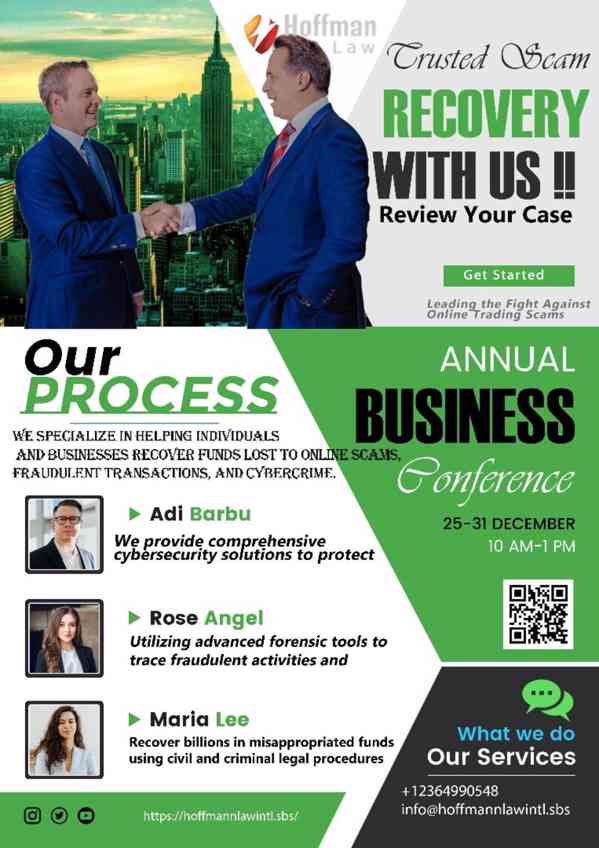 The world here promises quick profits and often leads to scams, finding a trustworthy digital assets recovery service is like finding a treasure. After being tricked by a scam investment platform and losing substantial money, I felt devastated and hopeless. Amidst my despair, I discovered Hoffman Law Recovery, and it turned out to be a game-changer. I contacted them and shared my transaction history, hoping for a miracle. They analyzed my case, provided regular updates, and showed dedication throughout my recovery. Their professionalism and commitment were evident as they navigated the complexities of digital asset recovery, leaving no stone unturned. providing much-needed reassurance during a difficult time. Hoffman Law Recovery delivered on their promise and successfully recovered my lost funds. Their transparency and integrity reinforced my trust in their abilities, and I am grateful for their impact on my life
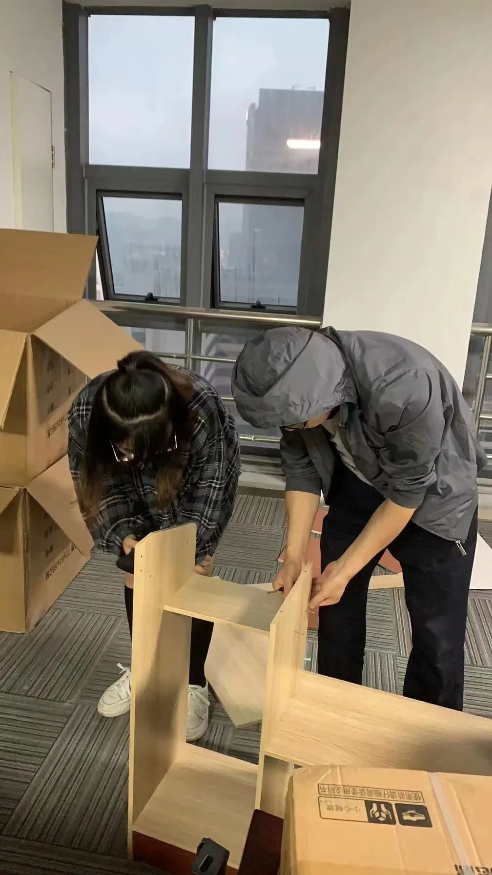 ▲ 小李的父亲帮忙组装棋牌室的柜子。图 / 受访者提供
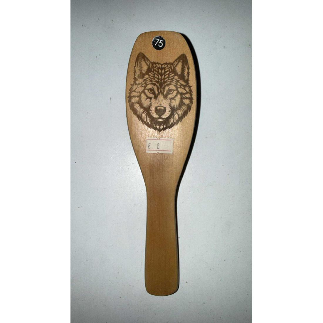 Brosse à Cheveux Loup Bois / Plastique gravure
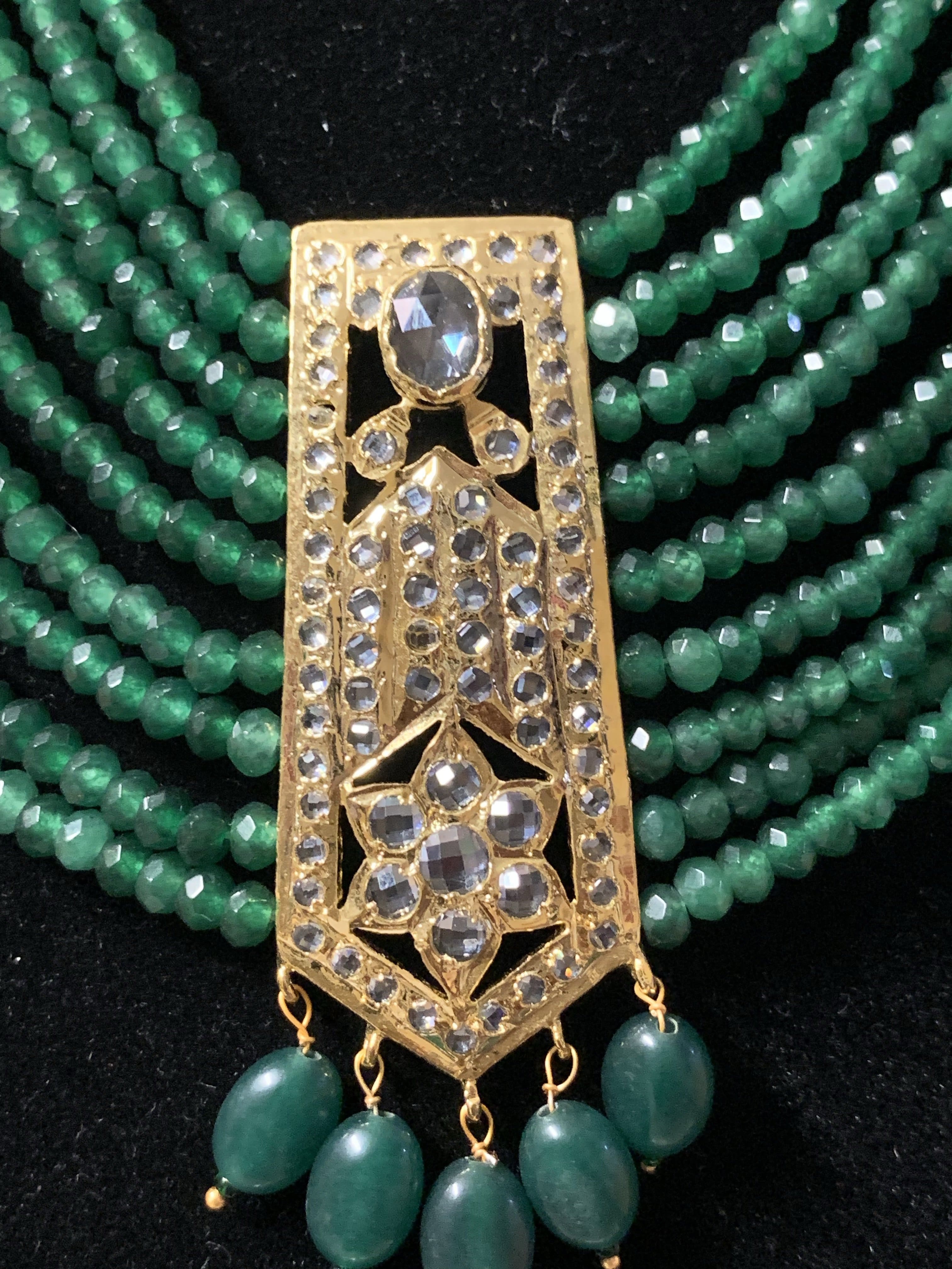 long necklace made using semi precious beads and cz polki .
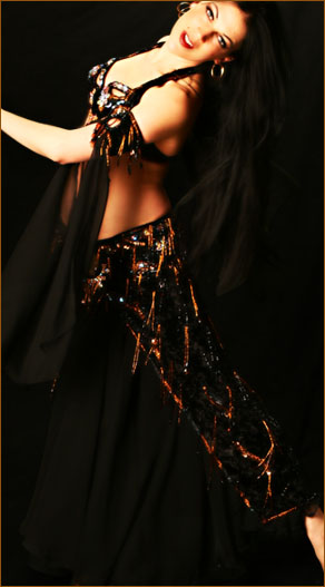 This is a custom made Bella costume direct from Istanbul, Turkey. I'm selling it because my hips aren't big enough to feel comfortable without wearing a belt. Every few years I try orderinng an egypitan sytle, belt/skirt/combo costume, and every time I end up selling it. The Bra has a vest design with the velvet wrapping under the bust and the straps around the neck. The skirt is a straight velvet skirt gatthering to the front circle with a black chiffon insert in the front center hanging from the circle.
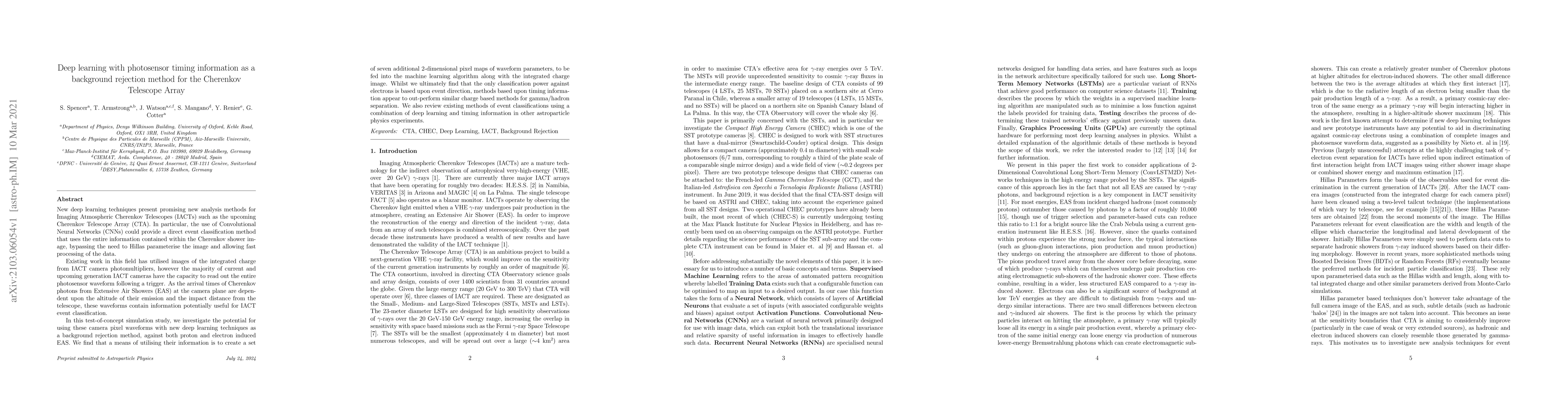 New deep learning techniques present promising new analysis methods for Imaging Atmospheric Cherenkov Telescopes (IACTs) such as the upcoming Cherenkov Telescope Array (CTA). In particular, the use of Convolutional Neural Networks (CNNs) could provide a direct event classification method that uses the entire information contained within the Cherenkov shower image, bypassing the need to Hillas parameterise the image and allowing fast processing of the data. Existing work in this field has utilised images of the integrated charge from IACT camera photomultipliers, however the majority of current and upcoming generation IACT cameras have the capacity to read out the entire photosensor waveform following a trigger. As the arrival times of Cherenkov photons from Extensive Air Showers (EAS) at the camera plane are dependent upon the altitude of their emission and the impact distance from the telescope, these waveforms contain information potentially useful for IACT event classification. In this test-of-concept simulation study, we investigate the potential for using these camera pixel waveforms with new deep learning techniques as a background rejection method, against both proton and electron induced EAS. We find that a means of utilising their information is to create a set of seven additional 2-dimensional pixel maps of waveform parameters, to be fed into the machine learning algorithm along with the integrated charge image. Whilst we ultimately find that the only classification power against electrons is based upon event direction, methods based upon timing information appear to out-perform similar charge based methods for gamma/hadron separation. We also review existing methods of event classifications using a combination of deep learning and timing information in other astroparticle physics experiments.
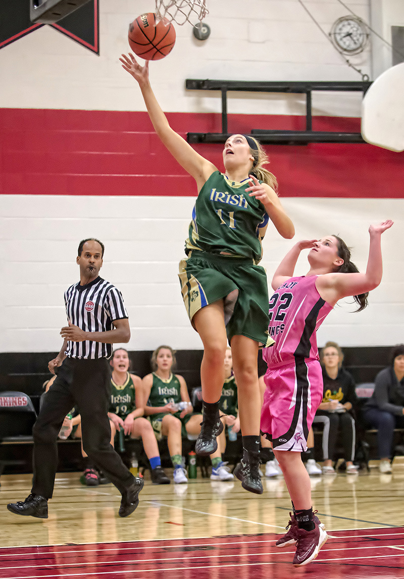 Breanne Pretty of St. Patrick’s and Meghan Jackson of Northern Collegiate, right, battle for possession during an intense senior girls’ high school basketball game played Oct. 12.
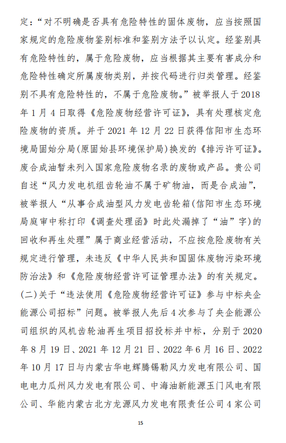 奧吉娜公司在參與各央企風(fēng)電潤滑油招投標(biāo)采購中發(fā)現(xiàn),注冊于河南省信陽市固始縣的華陽長青投資有限公司(以下稱:華陽長青公司),憑借其持有的《危險廢物經(jīng)營許可證》,屢次以“風(fēng)電齒輪油再生利用”的名義中標(biāo)。然而,奧吉娜公司發(fā)現(xiàn),華陽長青公司的《危險廢物經(jīng)營許可證》適用范圍并不包含合成型廢風(fēng)電齒輪油,屬于違規(guī)使用,涉嫌違反《環(huán)境保護法》。于是,2022年10月18日,奧吉娜公司依法向國家生態(tài)環(huán)境部(以下稱:環(huán)境部)進行舉報。按程序,舉報調(diào)查由信陽市生態(tài)環(huán)境局固始分局(以下稱:固始分局)辦理。

• • •

#### Assigned task
Please output the lines above beginning at the line with "Brosse à Cheveux" and ending after the line with "long necklace made", precisely as written and with no pictures.

#### Answer space
 Brosse à Cheveux Loup Bois / Plastique gravure
 long necklace made using semi precious beads and cz polki .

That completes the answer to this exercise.